(Information Opens)

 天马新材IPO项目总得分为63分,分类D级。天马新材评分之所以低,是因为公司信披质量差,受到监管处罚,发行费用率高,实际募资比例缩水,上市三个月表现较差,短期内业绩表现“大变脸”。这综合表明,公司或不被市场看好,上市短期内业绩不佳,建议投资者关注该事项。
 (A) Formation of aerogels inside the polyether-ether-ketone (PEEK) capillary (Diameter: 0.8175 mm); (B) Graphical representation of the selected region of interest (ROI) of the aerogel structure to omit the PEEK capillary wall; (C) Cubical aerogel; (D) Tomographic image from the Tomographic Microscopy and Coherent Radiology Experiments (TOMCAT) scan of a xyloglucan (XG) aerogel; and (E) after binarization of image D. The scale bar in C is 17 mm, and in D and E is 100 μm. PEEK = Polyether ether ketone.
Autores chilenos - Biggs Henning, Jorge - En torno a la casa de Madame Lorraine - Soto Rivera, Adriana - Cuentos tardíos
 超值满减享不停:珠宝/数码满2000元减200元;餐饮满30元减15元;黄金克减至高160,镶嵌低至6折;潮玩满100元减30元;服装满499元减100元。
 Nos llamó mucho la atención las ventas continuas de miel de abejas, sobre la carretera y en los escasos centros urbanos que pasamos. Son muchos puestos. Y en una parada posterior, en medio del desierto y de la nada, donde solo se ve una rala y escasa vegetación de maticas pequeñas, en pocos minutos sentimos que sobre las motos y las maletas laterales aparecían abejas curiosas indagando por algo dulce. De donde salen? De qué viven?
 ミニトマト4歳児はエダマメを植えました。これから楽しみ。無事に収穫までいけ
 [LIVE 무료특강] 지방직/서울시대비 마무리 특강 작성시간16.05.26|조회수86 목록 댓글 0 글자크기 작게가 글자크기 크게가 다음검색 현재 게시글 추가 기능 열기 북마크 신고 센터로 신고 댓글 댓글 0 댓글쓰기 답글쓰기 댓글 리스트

(Information Closes)
(Information Opens)

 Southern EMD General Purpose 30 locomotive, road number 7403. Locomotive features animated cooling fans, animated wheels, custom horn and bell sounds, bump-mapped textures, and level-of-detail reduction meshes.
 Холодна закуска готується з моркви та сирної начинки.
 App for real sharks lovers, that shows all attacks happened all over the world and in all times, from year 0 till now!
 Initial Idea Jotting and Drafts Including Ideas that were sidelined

(Information Closes)

Requirement
Beginning at the line above with "天马新材IPO项目总得分为6" and finishing at the line with "(A) Formation of", return each line exactly and return nothing else.

Response for this exercise
 天马新材IPO项目总得分为63分,分类D级。天马新材评分之所以低,是因为公司信披质量差,受到监管处罚,发行费用率高,实际募资比例缩水,上市三个月表现较差,短期内业绩表现“大变脸”。这综合表明,公司或不被市场看好,上市短期内业绩不佳,建议投资者关注该事项。
 (A) Formation of aerogels inside the polyether-ether-ketone (PEEK) capillary (Diameter: 0.8175 mm); (B) Graphical representation of the selected region of interest (ROI) of the aerogel structure to omit the PEEK capillary wall; (C) Cubical aerogel; (D) Tomographic image from the Tomographic Microscopy and Coherent Radiology Experiments (TOMCAT) scan of a xyloglucan (XG) aerogel; and (E) after binarization of image D. The scale bar in C is 17 mm, and in D and E is 100 μm. PEEK = Polyether ether ketone.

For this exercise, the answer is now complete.